Beside the fact that what you say is not true, you believe the OS is the only issue. But it's everything that runs atop the OS that could become an issue.

Nobody just uses an OS. People use applications. Some are available on both platforms, others are not. Some works in different ways, or have different platform support or features. Some let you use the same licenses across platforms, others don't. You may have refined your business workflow around some applications and tools, and you would need to retest and refine again if you change.

Unless I knew exactly what someone uses, and what needs have to fulfill, I would be very cautious to tell him or her to switch to another software platform or photo equipment. There could be a lot of 'hidden costs'. Switching has to be a careful decision weighting the whole pros and cons, not just some pieces of hardware costs.

I do use several version of Windows and several Linux distros because of my job, I've a first hand experience of what it means. My personal systems are designed around the software and devices I need to use, not vice-versa.
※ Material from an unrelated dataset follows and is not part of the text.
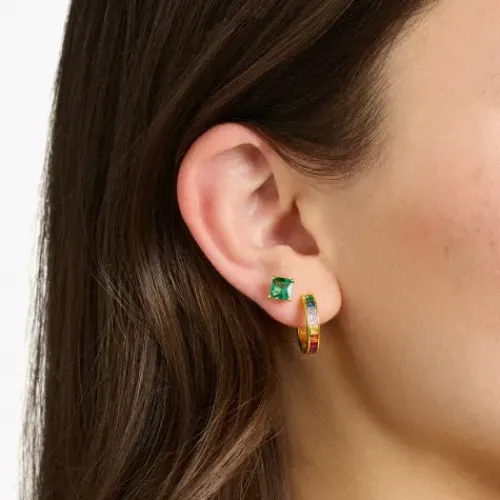 Thomas Sabo Ohrringe-Creolen mit Bunten Steinen Pavé Vergoldet- CR668-996-7
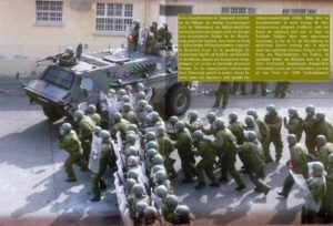 Die Militarisierung der Außen- und der Innenpolitik sind zwei Seiten einer Kriegsmedaille. Während die Bundeswehr sich immer neue Einsatzgebiete außerhalb der Bundesrepublik ersch(l)ießt, wird auch die Militarisierung im Innern immer weiter vorangetrieben:

Just like my photo gear is designed around the images I want to take, the lenses to achieve such result and then a body able to deliver the quality the lenses can reach. Owning the coolest camera with the 'top specs', or the less expensive one, is not what I need.


----------



## YuengLinger (Dec 21, 2017)

As for the 4k monitor thread, which is tangled up in here somewhere, I can say that Portraiture and Alien Skin work fine. On1, however, won't scale properly to 150%. (For me, on a 32" monitor, 125% is too small for Lightroom.) The On1 interface starts to fragment, and the adjustment brush generates a "floating" pixel distortion. Scale it back to 125% and its fine.

On1 is aware of the issue and working on it.


----------



## LDS (Dec 21, 2017)

YuengLinger said:


> As for the 4k monitor thread, which is tangled up in here somewhere, I can say that Portraiture and Alien Skin work fine. On1, however, won't scale properly to 150%. (For me, on a 32" monitor, 125% is too small for Lightroom.) The On1 interface starts to fragment, and the adjustment brush generates a "floating" pixel distortion. Scale it back to 125% and its fine.
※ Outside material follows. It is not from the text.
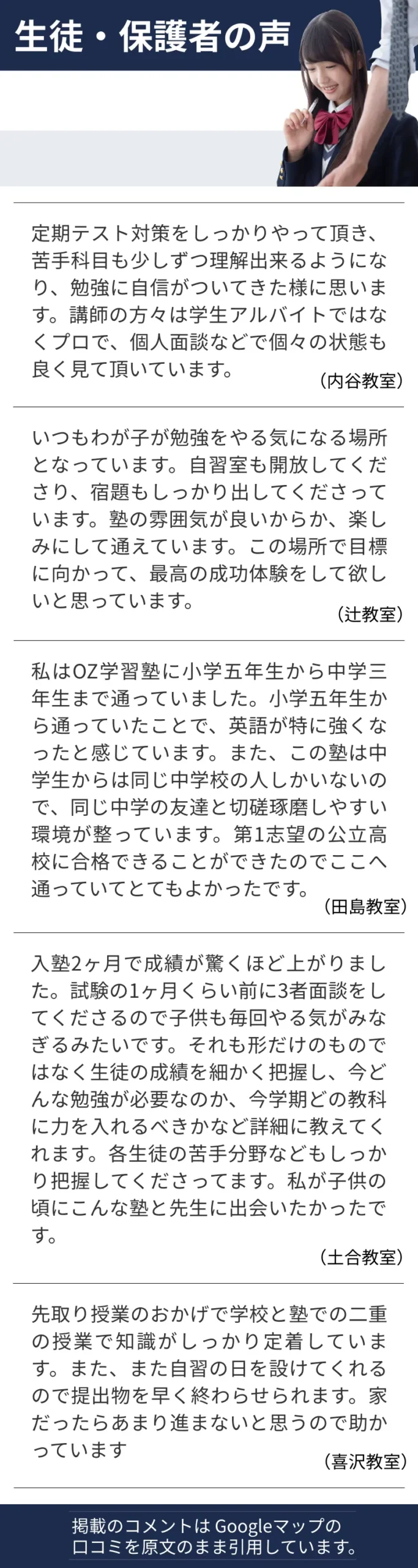 OZ学習塾では、各教室ごとに冬期講習や通常授業のご案内をしております。

On which OS? One of the issues with this kind of applications is they need to handle and scale differently the UI controls, and the "working area". I mean, if I set an image to 1:1 I expect an image pixel is rendered with a single monitor pixel regardless of the DPI, because it's the only way no resample algorithm is being used (albeit with very high DPI it can make assessing an image difficult as well).

Unluckily OS scaling may not know it, and scale everything - that's why applications needs to be updated to perform scaling where and when needed. 

Alien Skin introduced High DPI support in March, with some limitations on multiple monitor systems:

https://support.alienskin.com/hc/en-us/articles/115000051973-Windows-Ultra-High-Resolution-4K-Support


----------



## YuengLinger (Dec 21, 2017)

LDS said:


> YuengLinger said:
> 
> 
> > As for the 4k monitor thread, which is tangled up in here somewhere, I can say that Portraiture and Alien Skin work fine. On1, however, won't scale properly to 150%. (For me, on a 32" monitor, 125% is too small for Lightroom.) The On1 interface starts to fragment, and the adjustment brush generates a "floating" pixel distortion. Scale it back to 125% and its fine.
> ...



Windows 10, version 1709.


----------



## RGF (Dec 25, 2017)

Zeidora said:


> Added a 4K NEC display to my MacPro. Plug, Play. End of story. Laugh at apple all you want, but it actually works. The only thing I am doing, is using reading glasses to correct for my astigmatism. Not the display's fault, but my anatomy.



Also have MacPro. Very easy to use and add a new monitor. I have not yet added a 4K monitor, want to see what the new version of the MacPro looks like before I decide. I am very very very happy with my Nec Spectraview monitors.


----------



## mb66energy (Dec 27, 2017)

3 years ago I bought a 40" UHD TV - UHD because I do not like to see pixels + for dual use scenarios like additional monitor for some editing + only 50 € more expensive compared to HD version.

Sizewise I really like that thing and a viewing distance of 70cm is optimal for detail size / non-disturbing pixel size, tested with images from an USB stick. But this display - while providing very good color reproduction - suffers from the color variation under different angles.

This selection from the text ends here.